1) Trees Produce Oxygen
Let's face it, we could not exist as we do if there were no trees. A mature leafy tree produces as much oxygen in a season as 10 people inhale in a year. What many people don't realize is the forest also acts as a giant filter that cleans the air we breath.

2) Trees Clean the Soil
The term phytoremediation is a fancy word for the absorption of dangerous chemicals and other pollutants that have entered the soil. Trees can either store harmful pollutants or actually change the pollutant into less harmful forms. Trees filter sewage and farm chemicals, reduce the effects of animal wastes, clean roadside spills and clean water runoff into streams.

3) Trees Control Noise Pollution
Trees muffle urban noise almost as effectively as stone walls. Trees, planted at strategic points in a neighborhood or around your house, can abate major noises from freeways and airports.

4) Trees Slow Storm Water Runoff
Flash flooding can be dramatically reduced by a forest or by planting trees. One Colorado blue spruce, either planted or growing wild, can intercept more than 1000 gallons of water annually when fully grown. Underground water-holding aquifers are recharged with this slowing down of water runoff.

5) Trees Are Carbon Sinks
To produce its food, a tree absorbs and locks away carbon dioxide in the wood, roots and leaves. Carbon dioxide is a global warming suspect. A forest is a carbon storage area or a "sink" that can lock up as much carbon as it produces. This locking-up process "stores" carbon as wood and not as an available "greenhouse" gas.

6) Trees Clean the Air
Trees help cleanse the air by intercepting airborne particles, reducing heat, and absorbing such pollutants as carbon monoxide, sulfur dioxide, and nitrogen dioxide.

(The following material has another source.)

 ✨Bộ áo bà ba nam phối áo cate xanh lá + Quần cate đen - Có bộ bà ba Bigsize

Trees remove this air pollution by lowering air temperature, through respiration, and by retaining particulates.

7) Trees Shade and Cool
Shade resulting in cooling is what a tree is best known for. Shade from trees reduces the need for air conditioning in summer. In winter, trees break the force of winter winds, lowering heating costs. Studies have shown that parts of cities without cooling shade from trees can literally be "heat islands" with temperatures as much as 12 degrees Fahrenheit higher than surrounding areas.

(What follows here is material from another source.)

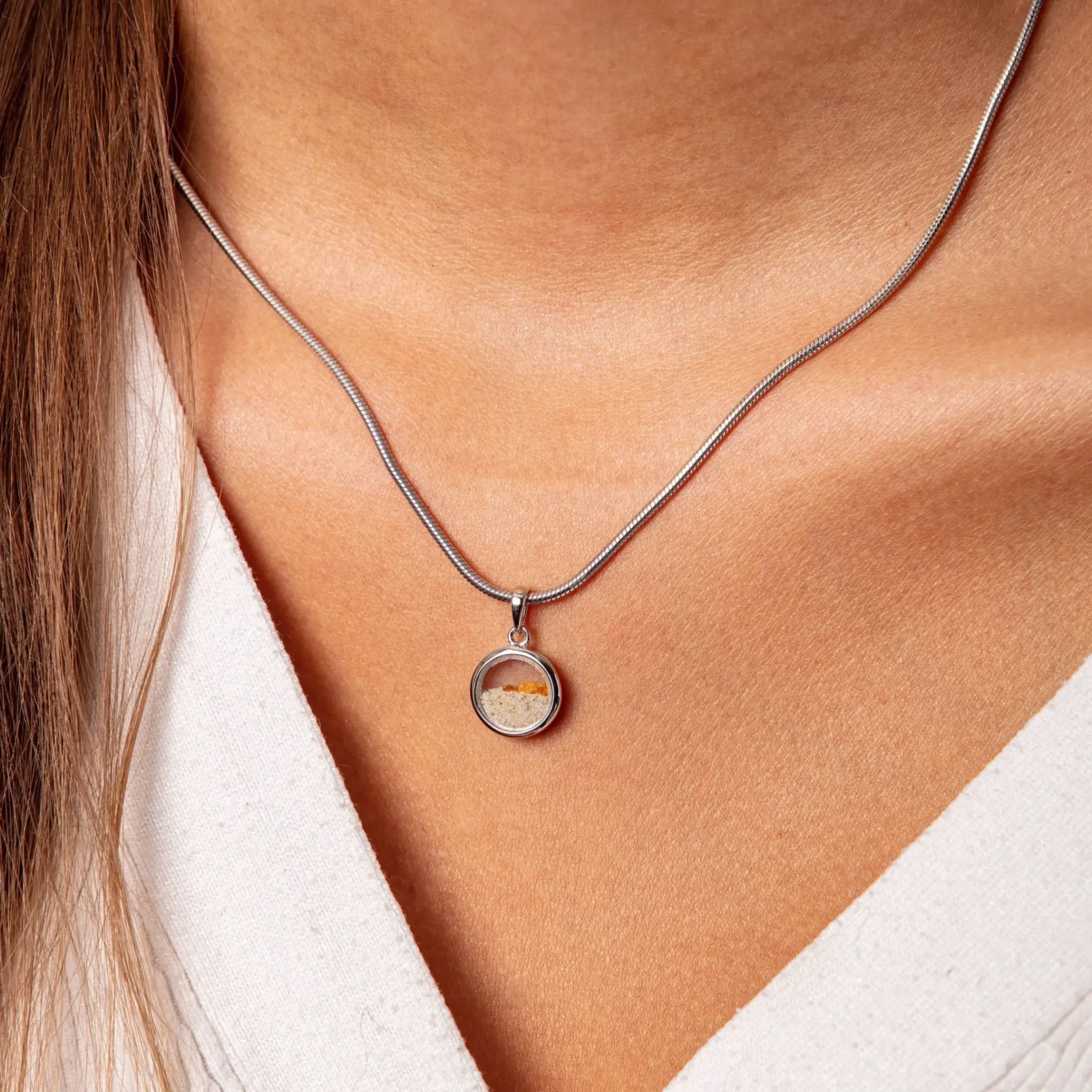 Anhänger „Sandsturm“ klein rund, gefüllt mit losem Strandsand und Bernsteinstückchen, eingearbeitet in Glas und gefasst in rhodiniertem 925er Sterling-Silber

8) Trees Act as Windbreaks
During windy and cold seasons, trees located on the windward side act as windbreaks. A windbreak can lower home heating bills up to 30% and have a significant effect on reducing snow drifts. A reduction in wind can also reduce the drying effect on soil and vegetation behind the windbreak and help keep precious topsoil in place.

9) Trees Fight Soil Erosion
Erosion control has always started with tree and grass planting projects. Tree roots bind the soil and their leaves break the force of wind and rain on soil. Trees fight soil erosion, conserve rainwater and reduce water runoff and sediment deposit after storms.

10) Trees Increase Property Values
Real estate values increase when trees beautify a property or neighborhood. Trees can increase the property value of your home by 15% or more.